理由は聞かず、そのまま 親の心の中へ 入れてみる。
「学校へ行きたくないんだね。」
「夏休みがずっと続くといいよね~」
「家でゴロゴロしたり、自分の好きなことしてるのが一番いいよねえ。」
「学校で座って勉強なんて、疲れるよねえ。」 などと
子どもが感じているであろう気持ちを代弁してみたら
子どもがもっと自分の思いを話してくれるかもしれません。
行きたくないと言っていた子どもが
「いやだけど、いくしかないかあ。」
などと、自分の心の中で嫌な思いとの決着をつけることもあるかもしれません。
でも逆に
子どもの気持ちをうまく受け入れられず
子どもの思いの代弁もできず
親自身がイライラしてきたり、落ち着かなくなってきたり・・・
(親が学校に行くもんだ、と言ってたから、私は反抗せずに行ってたのに!)
(このまま、学校へ行かなくなったらどうしよう。。。)
(ここで優しくして、休ませたら、ずっと行かなくなるかも。
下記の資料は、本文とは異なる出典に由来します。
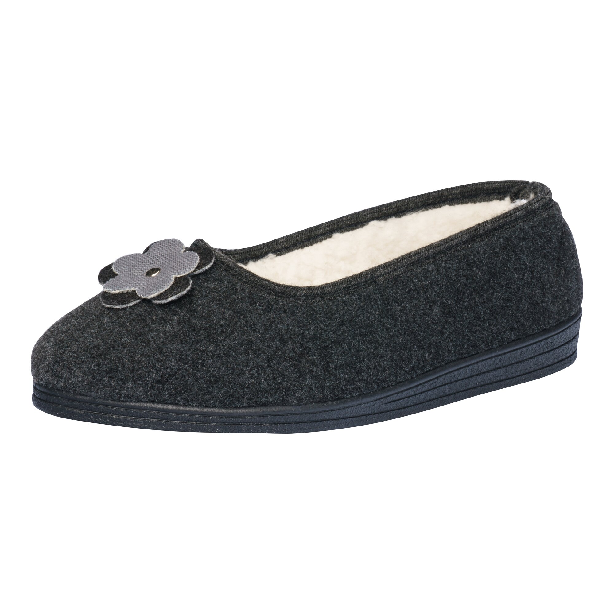 Filz ist im Winter Favorit: Ballerinas für drinnen – und draußen! weiche, flexible Laufsohle In warmem Filz fühlen sich Ihre Füße nicht nur im Winter pudelwohl. Wundervoll wohlig gefütterte Ballerinas mit hübscher Blumenapplikation und praktischer Gummisohle: Dadurch auch für einen kurzen Gang nach draußen geeignet!

。。)
(1日でも休んだら、ずるずる休んで、不登校になって、引きこもりになるかも。。)
(学校へ行かなくなったら、仕事を休まないといけないかも。。そしたら収入が。。)
というような
いろいろな不満や不安が出てきたり
その不安に耐えられずに
子どもに怒ったり
口うるさくなってきたり・・・
落ち着いているときとは違う自分になっていたとしたら
それは自分の中にある、
子どもの頃につくられた心の傷や
家族から引き継いできた隠された感情があるよ
という“お知らせ”がきているのかもしれません。
そうかもしれない
と、一度自分の心と向き合ってみるのもひとつの手です。
うちの娘は保育園の頃、約3年間、登園拒否をしていました。
それがきっかけとなって
子育てのやりづらさを、ますます感じるようになり
自分の問題に取り組んでみようと、思い立ちました。
不登校、登校渋り、登園拒否、、、
そのような形で、子どもは自分の身をもって
親の心の問題をさらけ出してくれます。
あなたは、子どもがくれたチャンスを
受け止めますか?
通り過ぎますか?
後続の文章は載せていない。